The County of San Diego has a population of over 500,000.

As previously noted, El Cajon contracts with Transit, a nonprofit corporation wholly owned and controlled by the City of San Diego. By this contract Transit renders public transportation services within El Cajon's corporate area.

Further, Transit is an operator by virtue of sections 99210 and 99209:

“ ‘Operator ’ means any transit district, included transit district, Municipal operator, included municipal operator, or transit development board.'' (Pub.Util.Code, s 99210; emphasis added.)

“Municipal operator” is defined in section 99209 as follows:

“ ‘Municipal operator ’ means a City or county, Including any nonprofit corporation or other legal entity Wholly owned or controlled by the city or county, which operates a public transportation system, or which on July 1, 1972, financially supported, in whole or in part, a privately owned public transportation system, and which is not included, in whole or in part, within an existing transit district.'' (Pub.Util.Code, s 99209; emphasis added.)

Section 99231 defined the Area of an Operator in subdivision (d)(2) in these terms:

“The term ‘area’ means:

“(d) Where a transit district, or a county or City, provides public transportation services Beyond its boundaries, its area, for purposes of this section, shall also include:

“ . . .

“(2) All of the corporate area of a city to which it provides such services pursuant to contract or prior express authority of the secretary.” (Emphasis added.)

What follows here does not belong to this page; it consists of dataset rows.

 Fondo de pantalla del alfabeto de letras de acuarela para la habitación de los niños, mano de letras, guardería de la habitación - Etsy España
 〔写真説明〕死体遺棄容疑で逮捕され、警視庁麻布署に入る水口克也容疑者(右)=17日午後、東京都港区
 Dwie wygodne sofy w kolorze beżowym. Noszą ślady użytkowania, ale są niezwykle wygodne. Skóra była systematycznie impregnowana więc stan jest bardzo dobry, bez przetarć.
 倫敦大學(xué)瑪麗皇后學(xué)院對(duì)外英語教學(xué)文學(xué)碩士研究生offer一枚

El Cajon contends section 99231 did not define the area of a “municipally owned transportation system” and therefore did not apply to Transit. However, a reading of ss 99210, 99209 and 99231 in Pari materia leaves no doubt but the term “city” as used in section 99231(d) included “any non-profit corporation . . . wholly owned or controlled by the city . . . .” Transit fit that definition precisely.

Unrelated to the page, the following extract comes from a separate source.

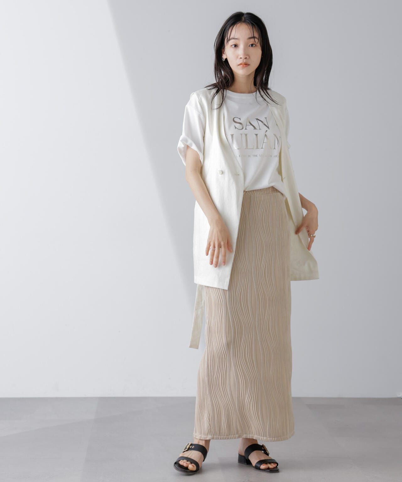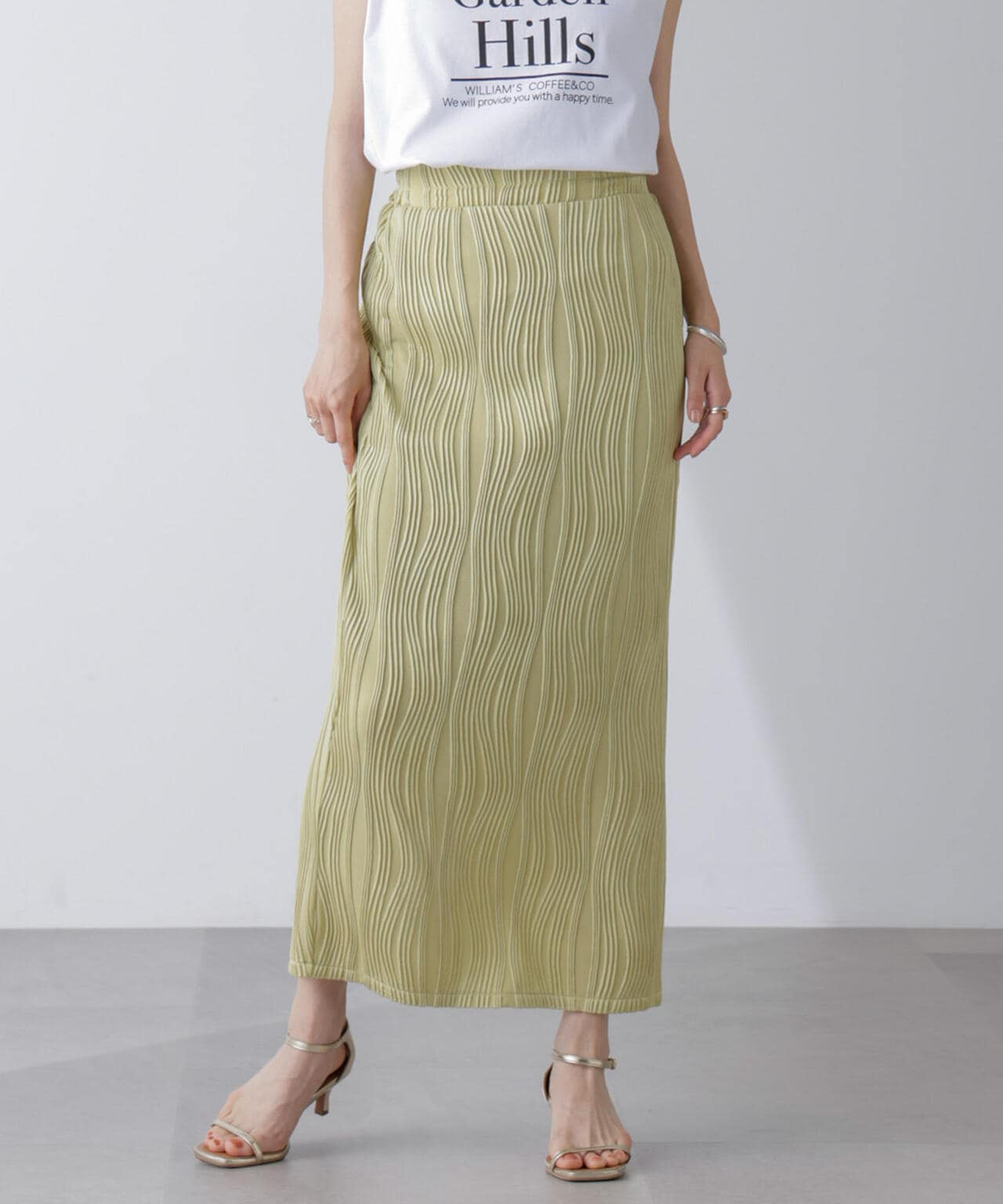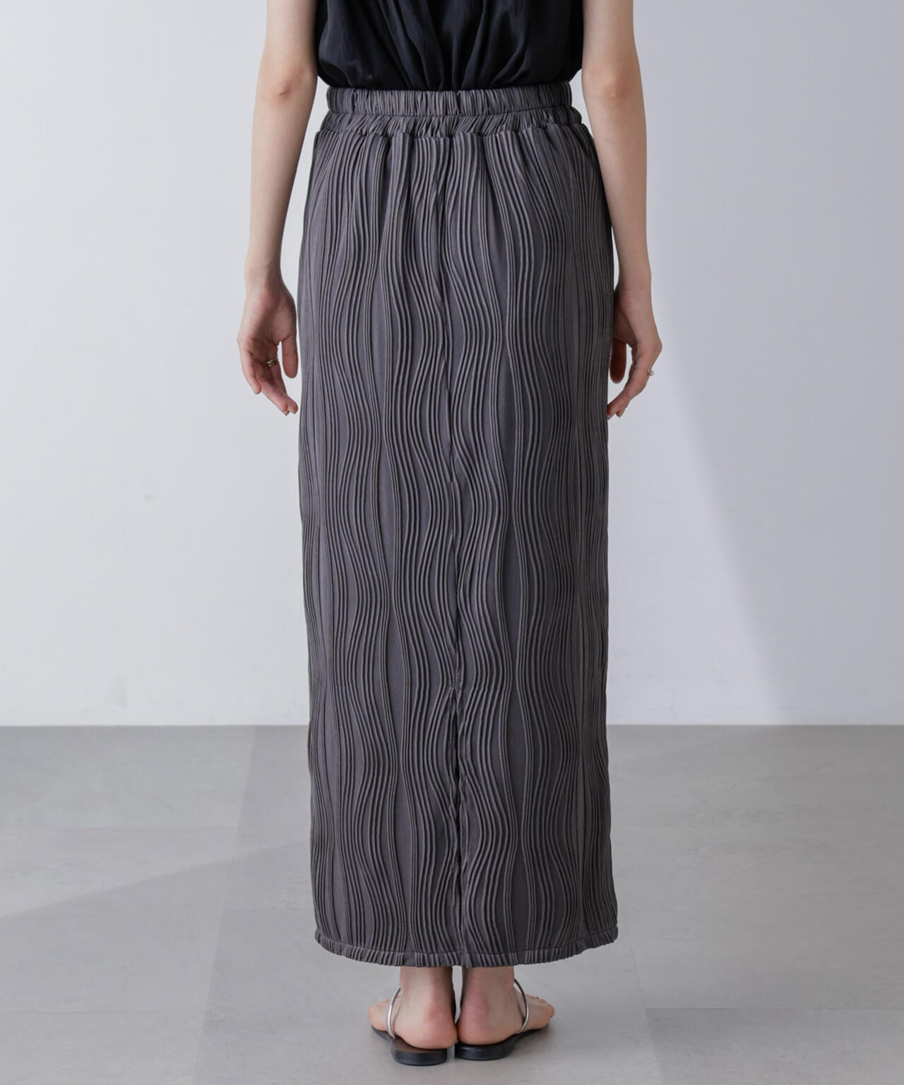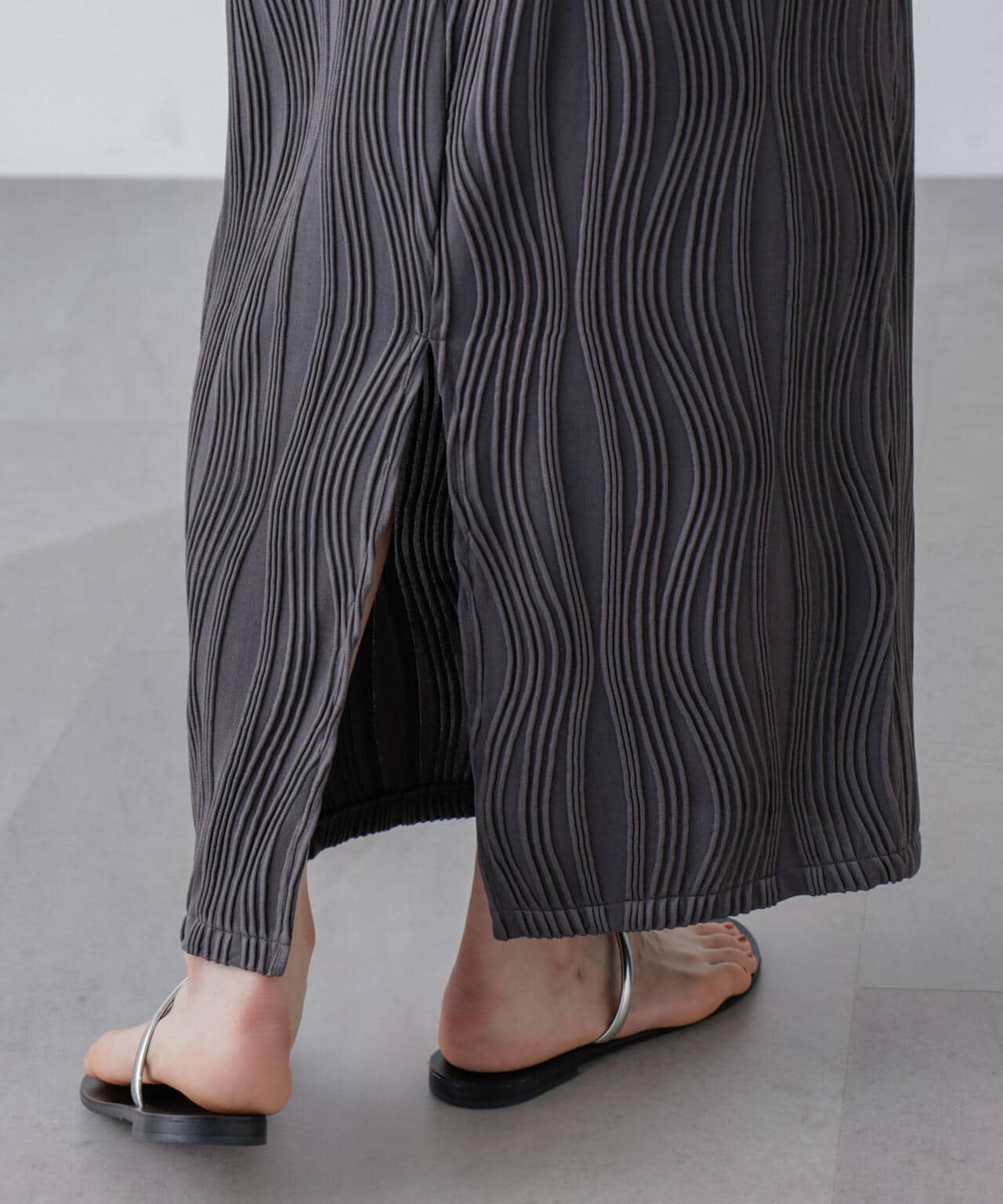 立体感のあるリップル素材が女性らしさを惹き出してくれるカットスカート。身体のラインを拾いすぎない絶妙なナローシルエットに、ウエストゴム仕様で履き心地も快適。コーディネートに取り入れやすいシンプルなデザインなので、合わせるトップス次第で様々なスタイリングが楽しめます。同素材のトップスと合わせたセットアップスタイルもオススメです。

Since Transit by contract provided public transportation services beyond its boundaries into the corporate area of City of El Cajon, its apportionment area included El Cajon; it was the “operator” for that area. Section 99232 restricted apportionments to such area solely for transit purposes, i. e. solely for claims under section 99234 and Article 4; therefore the City of El Cajon was precluded from filing a claim for repair of its local streets under Article 8. CPO's attempted allocation to El Cajon was illegal, barred by section 99232.

As is patent, this decision was based upon the court's reading and interpretation of the relevant statutes. Any error in admitting testimony by Senator Mills reiterating his statements to the Legislature before the Act was passed is not prejudicial. (Tillie Lewis Foods, Inc. v. City of Pittsburg, 52 Cal.App.3d 983, 124 Cal.Rptr. 698; cf. Rich v. State Board of Optometry, 235 Cal.App.2d 591, 603, 45 Cal.Rptr. 512.)

Finally, there is no merit in El Cajon's contention that the allocation by the CPO can be sustained under its rule making authority. CPO has no authority contrary to the statute. (MAD Act, s 99261.)

Judgment affirmed.

FOOTNOTES

1.  In this opinion all statutes and administrative regulations will be considered, and quoted, As they read in June 1975.

STANIFORTH, Associate Justice.

COLOGNE, Acting P. J., and WIENER, J., concur.